還元策が始まる以前と同じように利用するであれば、問題はない。しかし、「どうせ割引になるのだから、ついでにこれも……」と買う量や回数が増えてはいないだろうか。

 2%還元というと、300円の買い物をすれば6円引きとなる。500円で10円引きだ。だから、たとえば毎日コンビニで500円使い、10円の還元を20日間受けたとすれば、1万円使って200円を得することとなる。しかし、コンビニに行くのをたった1日やめれば、1万円も使うことなく、200円程度の金額は簡単に節約できるのだ。ちょっと冷静になって考えればすぐわかることだが、おトクな感じがしていても、実は全然おトクでない買い物の仕方をしていることがあるから、要注意だ。

●【傾向3】必ず還元事業の対象になっている店を探して入る

 ランチしようと何気なく入った店で現金支払いをした後に、そこがキャッシュレスで5%還元の対象店だとわかったら、無性に損をした気になるのではないか。
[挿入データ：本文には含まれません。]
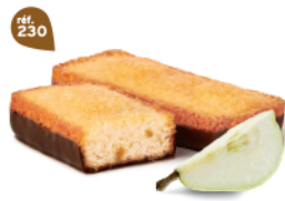
LINGOTS POIRE CHOCHOIR 25 emballages individuels - 675 g DDM* : 2 mois
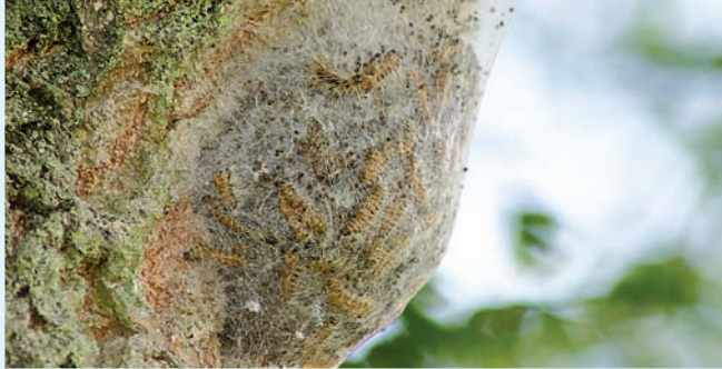
Gespinstnest am Eichenstamm
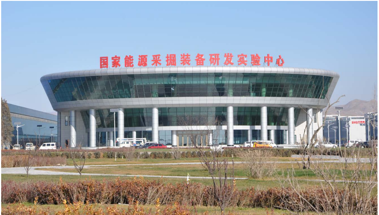
国家能源采掘装备研发实验中心

公司不断构建开放合作创新模式，分别与中国煤炭科工集团、中国矿业大学（北京）、安徽理工大学、武汉理工大学等一流高等院校和研究机构签订开展高层次合作协议，建立全面战略合作伙伴关系；加入了“煤矿智能化技术创新联盟”、“中国矿业知识产权联盟”。
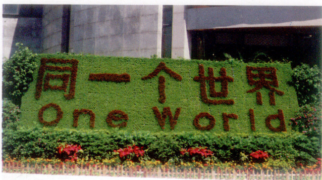
中国人民银行前的“同一个世界”造型
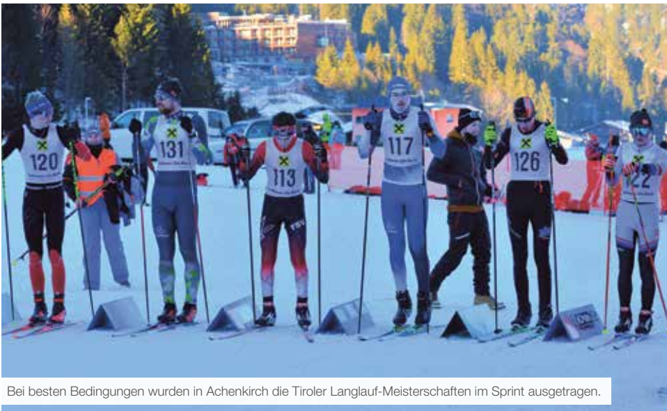
Bei besten Bedingungen wurden in Achenkirch die Tiroler Langlauf-Meisterschaften im Sprint ausgetragen.
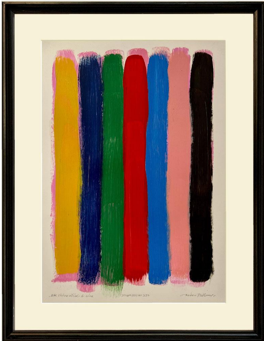
Seven colored stripes, oil on paper 49 x 34 cm, 2023
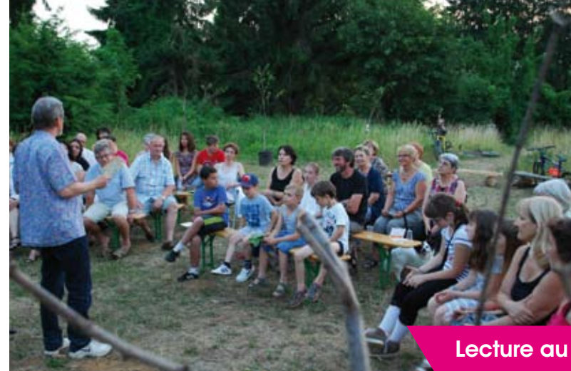
Lecture au clair de lune

Au début des vacances d'été, le sentier a accueilli la première session de "Lecture au clair de lune". Cette soirée a été une véritable réussite. Elle a permis à de nombreux visiteurs, méxéens et autres, de partager un moment convivial et agréable, lors de la lecture de textes ou de poèmes. >>>>
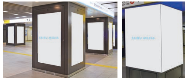
C-1エリア(地下改札外)
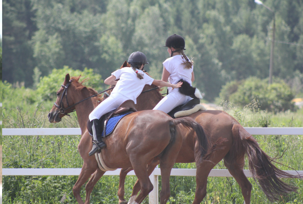
Конные игры. Игра «ЛИСА».
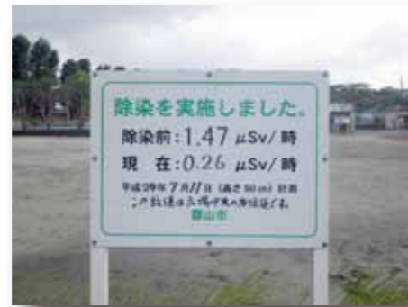
除染を実施した公園等には看板を設置
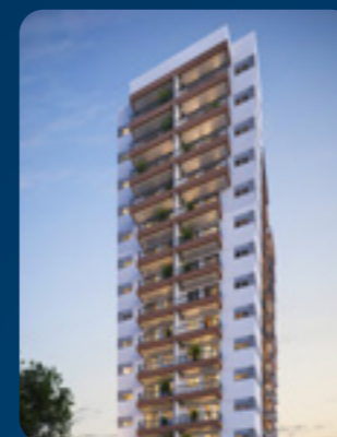
Virgílio 426 Pinheiros
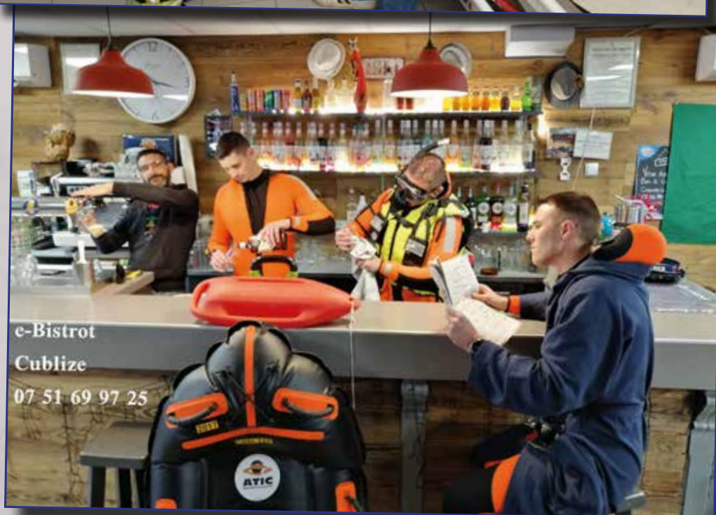
e-Bistrot Cublize 07 51 69 97 25
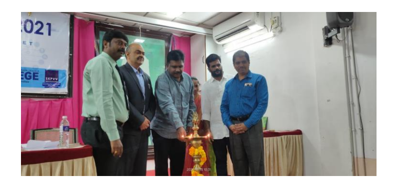
Lighting of the lamp
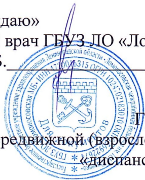
График на НОЯБРЬ 2025г передвижной (взрослой) бригады для профилактических осмотров «диспансеризации» взрослого населения.

«Утверждаю» Главный врач ГБУЗ ДО «Ломоносовская МБ» Усов С.Б.
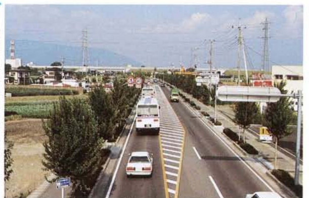
整備された都市計画道路 「昭和バイパス」

更に意見、要望等を取り入れながら、二十一世紀へ向けて活力あるよりよいまちづくりを進めてゆきます。
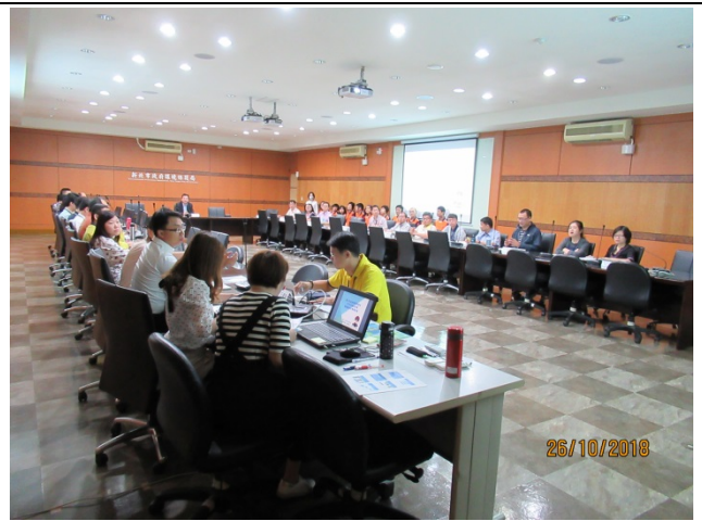
107 年度廉政會報 暨機關安全維護會報剪影 (1)
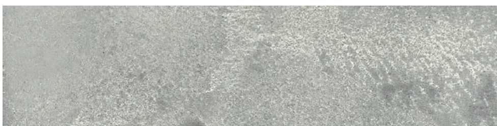
BETON-LOOK Lehmdesignspachtel 1/2 BETON-LOOK 1/2 DRY-PAINT
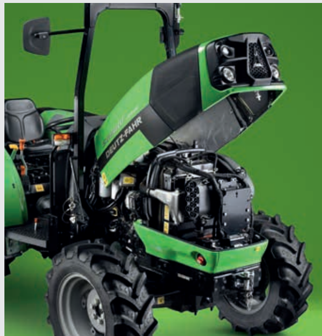
↑ Gemakkelijk te onderhouden dankzij de breed openende motorkap uit één stuk.

De 5DF Keyline-modellen zijn uitgerust met krachtige FARMotion 35-motoren met hoog koppel en turbo met intercooler. Het elektronisch gestuurde Common Rail-inspuitingssysteem - dat een druk van 2.000 bar kan bereiken - vormt samen met de viscostatische ventilator een indrukwekkend pakket van technologische oplossingen om de verbrandingsefficiëntie te optimaliseren voor maximale prestaties bij minimaal brandstofverbruik. Het nieuwe voorverwarmingssysteem zorgt voor een betrouwbare en snelle start van de motor, zelfs bij de laagste temperaturen. Net als op de modellen met een hoger vermogen in het assortiment van DEUTZ-FAHR, bedraagt het maximumtoerental slechts 2200 omw/min, terwijl het 80-model een koppelreserve van 28% heeft. De emissievoorschriften van Stage V worden nageleefd dankzij een gecombineerd nabehandelingsysteem met een extern gekoeld
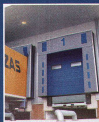
Industrie-Sectionaltor mit Ladebrücke und Torabdichtung

Der bietet Ihnen zum Beispiel die neuen, besonders sicheren und wirtschaftlichen SoftEdge-Tore mit integriertem Anti-Crash-/Anfahrerschutz. Dazu Ladebrücken, Torabdichtungen, Vorsatzschleusen und Industrietore – alles aus einer Hand, perfekt auf- einander abgestimmt.
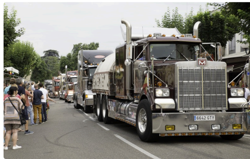
Marmon Motor Company construit au Texas jusqu'en 1997
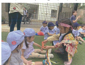
「さわってみる?」 こんな素敵なお交流も♡
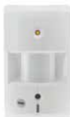
Videocamera met bewegingssensor
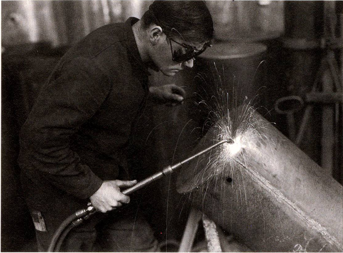
Soldadores, fotografiados en torno a 1940 en Frauenfeld

La exposición del Museo Nacional de Zúrich estará abierta hasta el 31 de enero de 2016. Sobre esta exposición se ha publicado un libro en la editorial Limmat, titulado "Arbeit - le travail", de 224 páginas con varios textos y 218 fotografías; CHF 48.-, Euro 52. www.limmatverlag.ch , www.nationalmuseum.ch
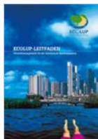
Umweltmanagement in der kommunalen Bauleitplanung. ECOLUP (März 2004)

筆者もこの経験がある。レジも混んでいたため現金で支払ったら、お釣りを受け取ったタイミングで小さく「5%還元店」を示すシールを発見したのだ。誰もが名を知るメジャー店だから、きっと対象外なのだろうと油断していたのが敗因だった。

 せっかく対象の店を表示するアプリがあるのだから、先に見るべきだった。筆者と同じような経験をした人は、「これからは必ず払う前に確認しよう。いやいや、はじめから還元対象の店を調べてそっちに行こう」と思うだろう。

 考えてみれば、それがこのポイント還元事業の狙いなのだ。消費増税の影響で売り上げが落ちそうな中小規模店舗を保護するため、そこにわざわざ足を運び、お金を使ってくれる人たちを増やすのが目的なのだから。
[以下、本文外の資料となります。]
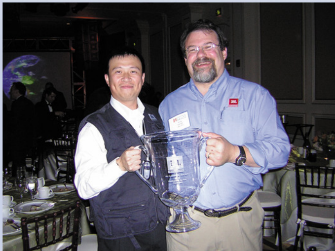
JBL Pro, Best Distributor of the Year 2004. JBL全球最佳代理商奖

这与ACE全体员工多年奋战在专业音、视频、扩声、灯光等领域的不懈努力分不开的。而且与ACE旗下各分公司和地区代理商们的辛勤耕耘是分不开的！有见及此，ACE高层决定给予多年来默默耕耘，在各地区取得优秀业绩和长足进步的公司进行嘉奖。乘着载誉归来的东风，ACE更成为了中国国家大剧院的两家预成交供应商的其中之一，并承包了上海东方艺术中心这超大型、标志性工程的音频控制系统，扬声器与音源、视频监控和内部通讯系统、灯光控制等系统。
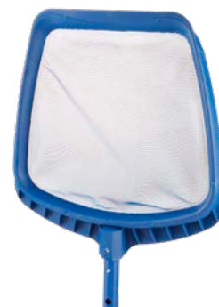
RAMASSE- FEUILLES / LEAF COLLECTOR
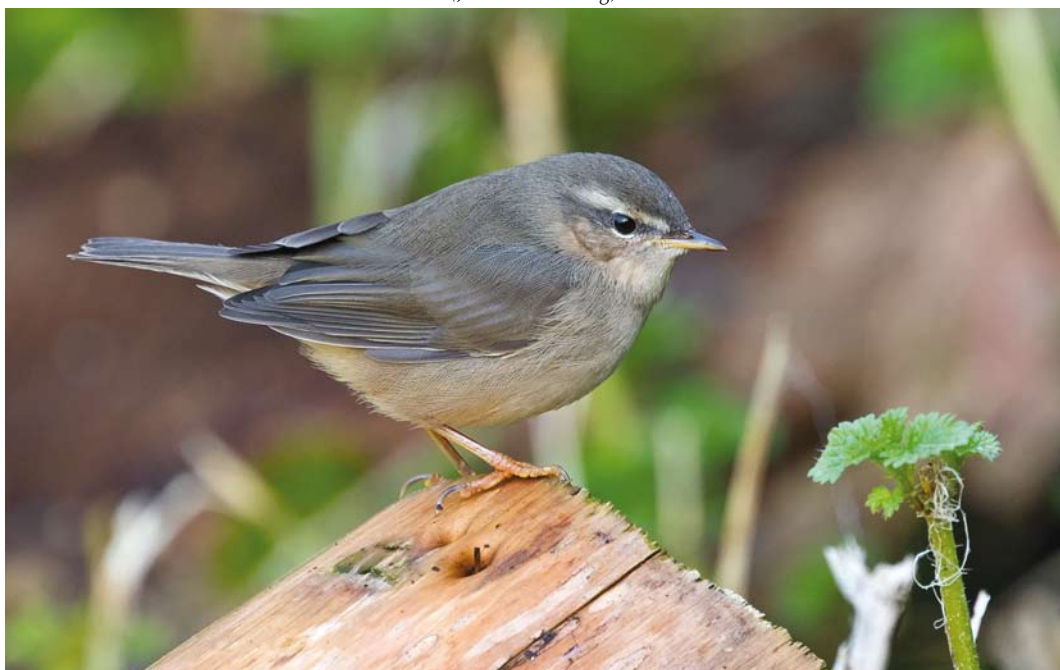
603 Bruine Boszanger / Dusky Warbler Phylloscopus fuscatus , Oost, Texel, Noord-Holland, 27 oktober 2017
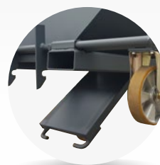
Trappe à fond ouvrant
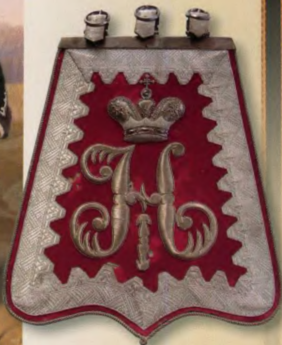
Ташика офицера Л.-эв. Гродненского Гусарского полка
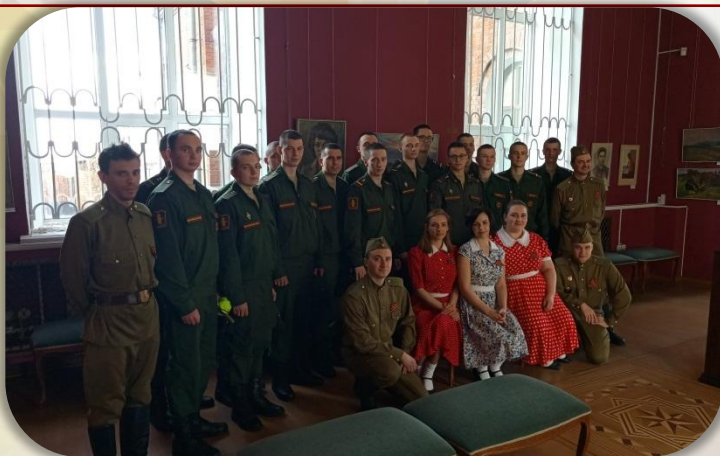
Посещение картинной галереи
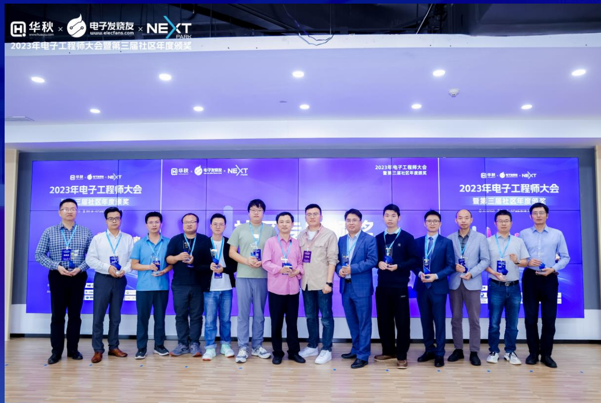
社区专家领奖留念
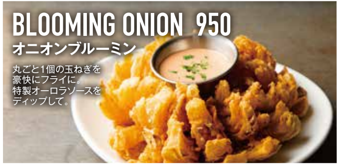
BLOOMING ONION 950 オニオンブルーミン
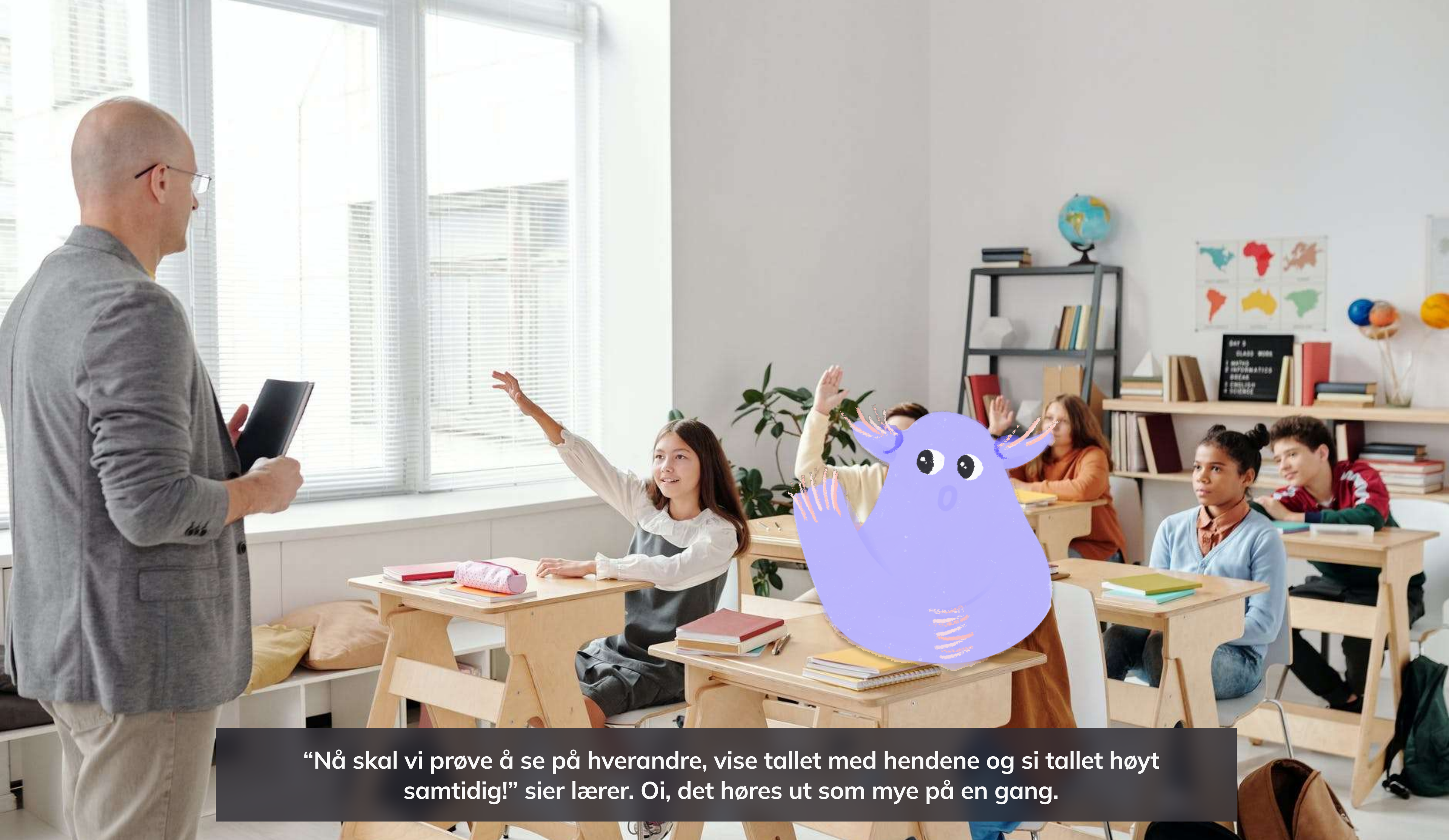
“Nå skal vi prøve å se på hverandre, vise tallet med hendene og si tallet høyt samtidig!” sier lærer. Oi, det høres ut som mye på en gang.

 毎日のランチも、飲み会も、還元の対象店をまずアプリで調べて……という人は、この事業に乗せられて、素直にお金を使ってくれる層ともいえる。自分の行動が誘導されているかもしれないとしても、あまりそれを気にしない寛容な人々だ。

 経済産業省によると、還元事業に登録する店は日々増えており、2019年12月21日現在の登録申請数は約97万店だという。お金を使う場所がますます増えていきそうなので、ご用心を。